I would like to know if there is a way get the same estimates of an interaction effect in afex & lsmeans packages as in lmer. The toy data below is for two groups with different intercepts and slopes.
set.seed(1234)
A0 <- rnorm(4,2,1)
B0 <- rnorm(4,2+3,1)
A1 <- rnorm(4,6,1)
B1 <- rnorm(4,6+2,1)
A2 <- rnorm(4,10,1)
B2 <- rnorm(4,10+1,1)
A3 <- rnorm(4,14,1)
B3 <- rnorm(4,14+0,1)
score <- c(A0,B0,A1,B1,A2,B2,A3,B3)
id <- factor(rep(1:8,times = 4, length = 32))
time <- factor(rep(0:3, each = 8, length = 32))
timeNum <- as.numeric(rep(0:3, each = 8, length = 32))
group <- factor(rep(c("A","B"), times =2, each = 4, length = 32))
df <- data.frame(id, group, time, timeNum, score)
df
And here is the plot
(ggplot(df, aes(x = time, y = score, group = group)) +
stat_summary(fun.y = "mean", geom = "line", aes(linetype = group)) +
stat_summary(fun.y = "mean", geom = "point", aes(shape = group), size = 3) +
coord_cartesian(ylim = c(0,18)))
When I run a standard lmer on the data looking for an estimate of the difference in change in score over time between groups.
summary(modelLMER <- lmer(score ~ group * timeNum + (timeNum|id), df))
I get an estimate for the group*time interaction of -1.07, which means that the increase in score for a one-unit increase in time is ~1 point less in group B than group A. This estimate matches the preset differences I built into the dataset.
What I would like to know is how to do a similar thing in the afex and lsmeans packages.
library(afex)
library(lsmeans)
First I generated the afex model object
modelLM <- aov_ez(id="id", dv="score", data=df, between="group", within="time",
type=3, return="lm")
Then passed that into the lsmeans function
lsMeansLM <- lsmeans(modelLM, ~rep.meas:group)
My goal is to generate an accurate estimate of the group*time interaction in afex and lsmeans. To do so requires specifying custom contrast matrices based on the split specified in the lsmeans function above.
groupMain = list(c(-1,-1,-1,-1,1,1,1,1)) # group main effect
linTrend = list(c(-3,-1,1,3,-3,-1,1,3)) # linear trend
linXGroup = mapply("*", groupMain, linTrend) # group x linear trend interaction
Then I made a master list
contrasts <- list(groupMain=groupMain, linTrend=linTrend, linXGroup=linXGroup)
Which I passed into the contrast function in lsmeans.
contrast(lsMeansLM, contrasts)
The F and p values in the output match those for the automatic tests for linear trend and for the group difference in linear trend generated from a mixed ANCOVA in SPSS. However the mixed ANCOVA does not generate an estimate.
The estimate of the effect using the procedure above, instead of being approx. -1, like in the lmer (and matching the difference I built into the data) is approx. -10, which is wildly inaccurate.
I assume it has something to do with how I am coding the contrast coefficients.

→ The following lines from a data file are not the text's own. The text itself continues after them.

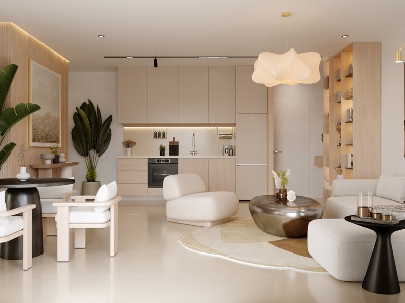 L'appartamento è composto da un ampio soggiorno con angolo cottura, una comoda camera da letto e un bagno. Le grandi finestre permettono di godere della splendida vista sul mare, regalando una sensazione di luminosità e tranquillità.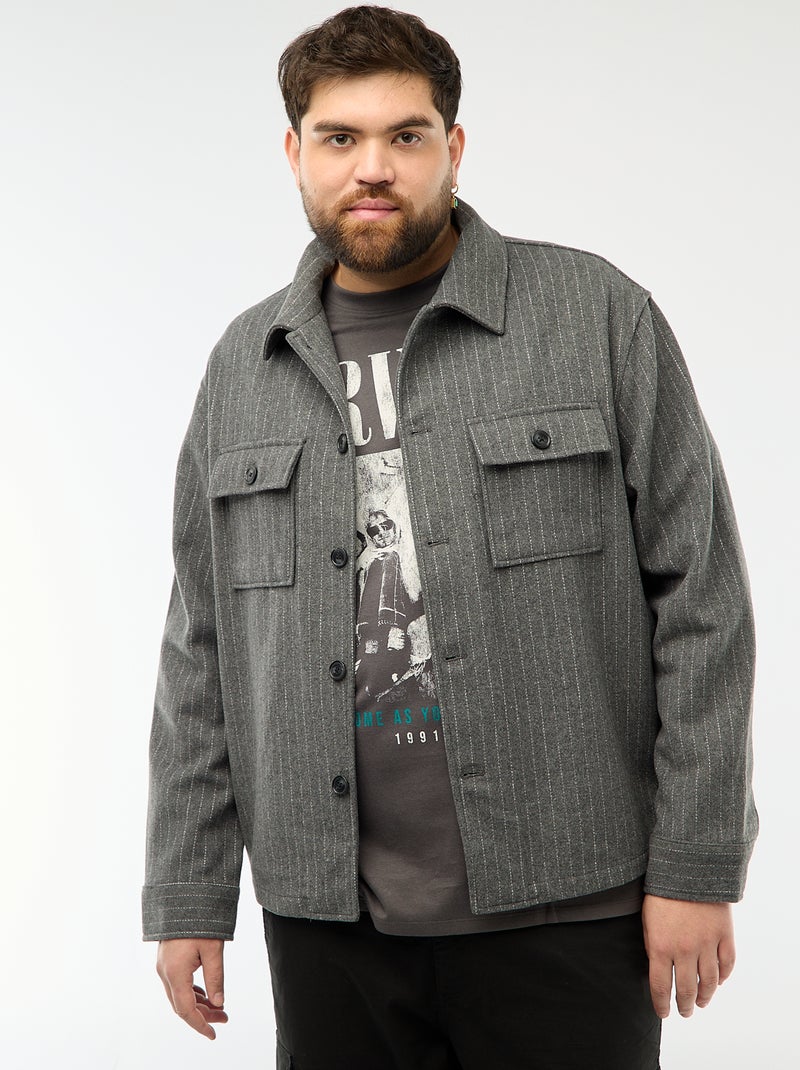 Overhemdjas met knoopsluiting en klepzakken - Grijs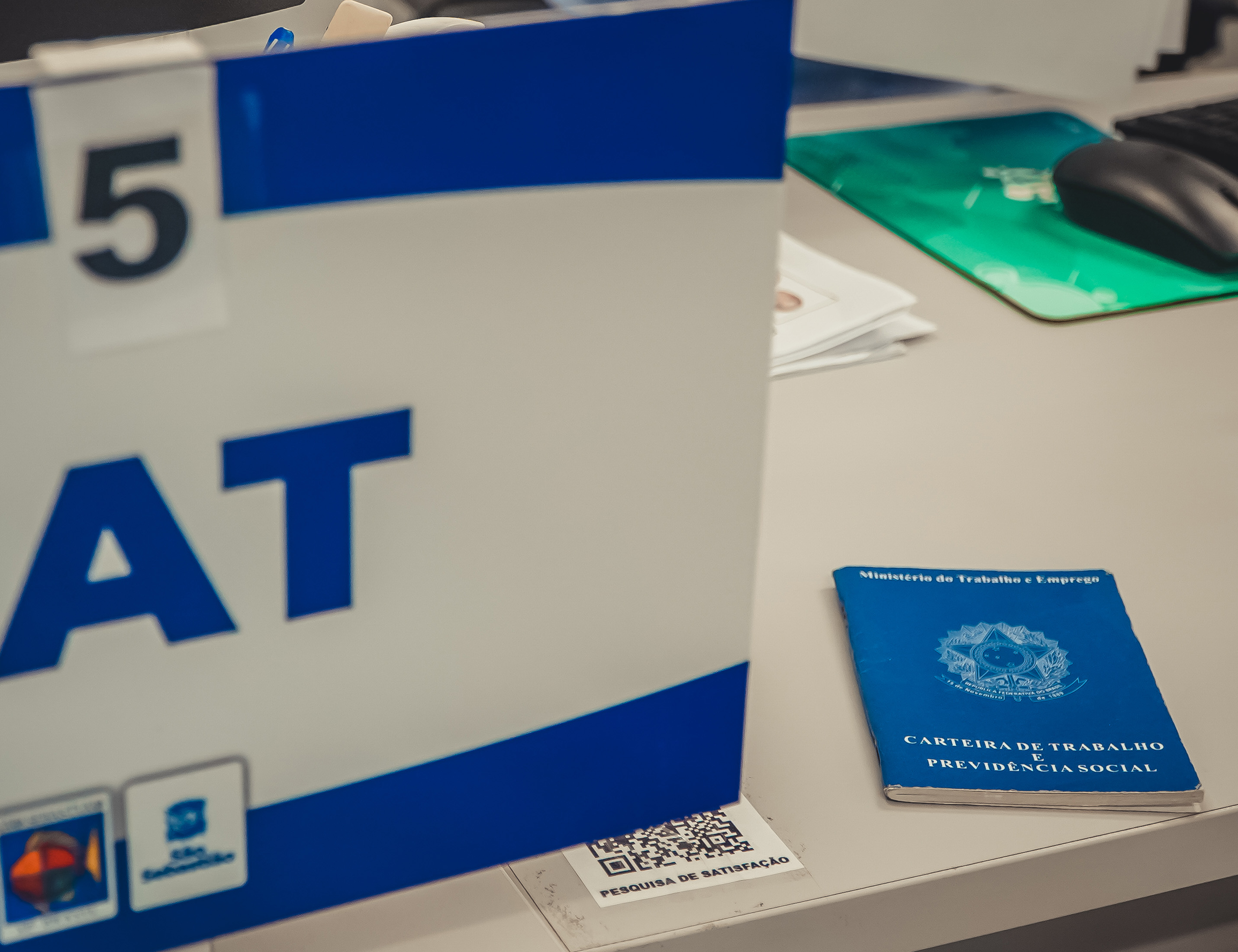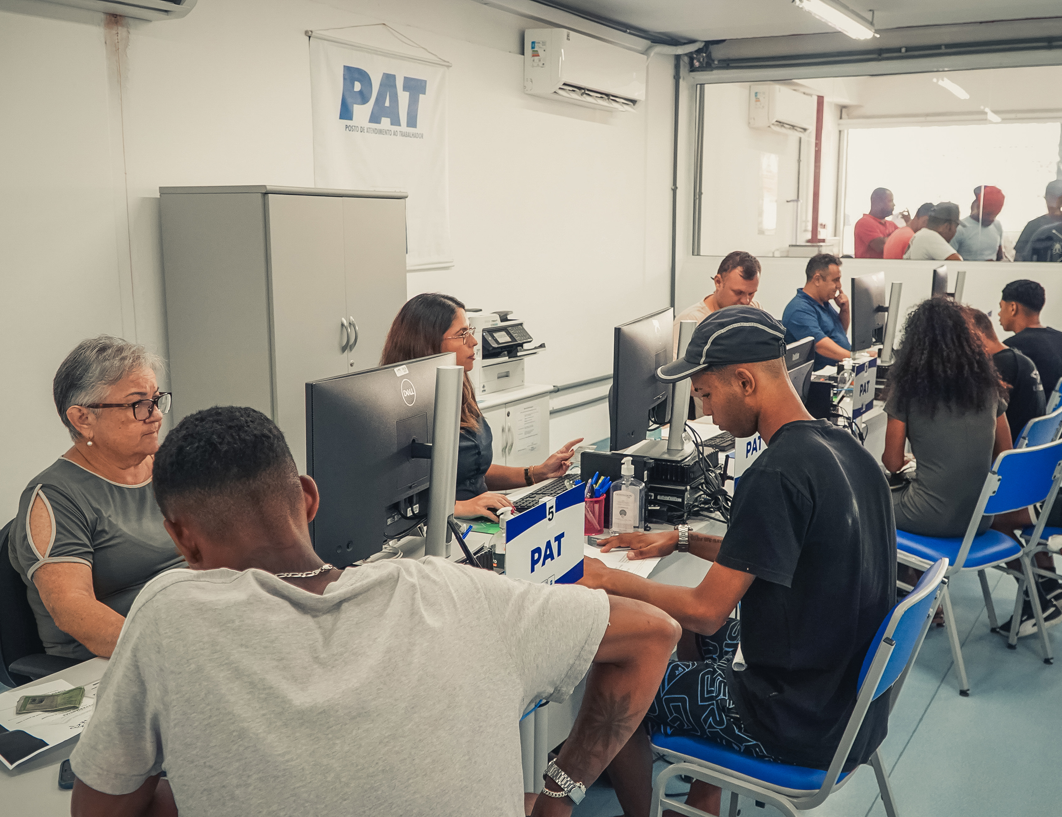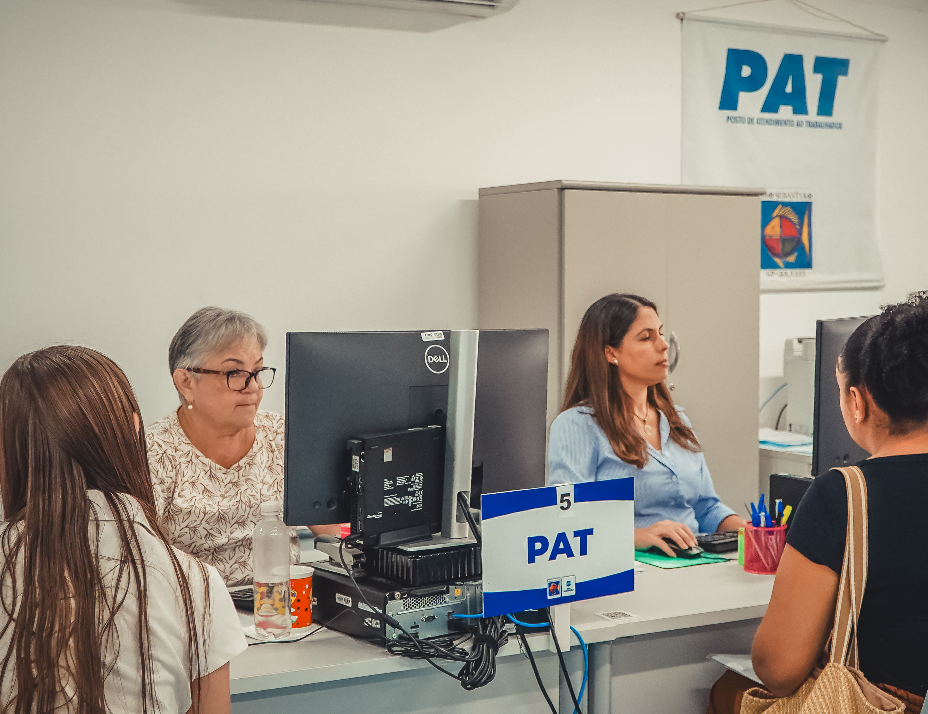 #PraTodosVerem: Em duas das imagens, candidatos realizam cadastro e recebem orientações de funcionárias do PAT em atendimentos individuais, em ambiente interno com estações de atendimento. Em outra imagem, o foco está em uma mesa de atendimento, destacando a placa de identificação do guichê com a inscrição PAT e, ao fundo, uma Carteira de Trabalho sobre a superfície. Fim da descrição.

I know if I normalise the coefficients of the groupMain matrix by dividing all coefficients by four that yields an accurate estimate of the main effect of group averaged across all timepoints. But I have no idea how to get an accurate estimate either of linear trend averaged across groups (linTrend), or an accurate estimate of the difference in linear trend across groups (linXGroup).
I am not sure if this question is more suitable for here or Cross Validated. I figured here first because it seems to be software related, but I know there are probably deeper issues involved. Any help would be much appreciated.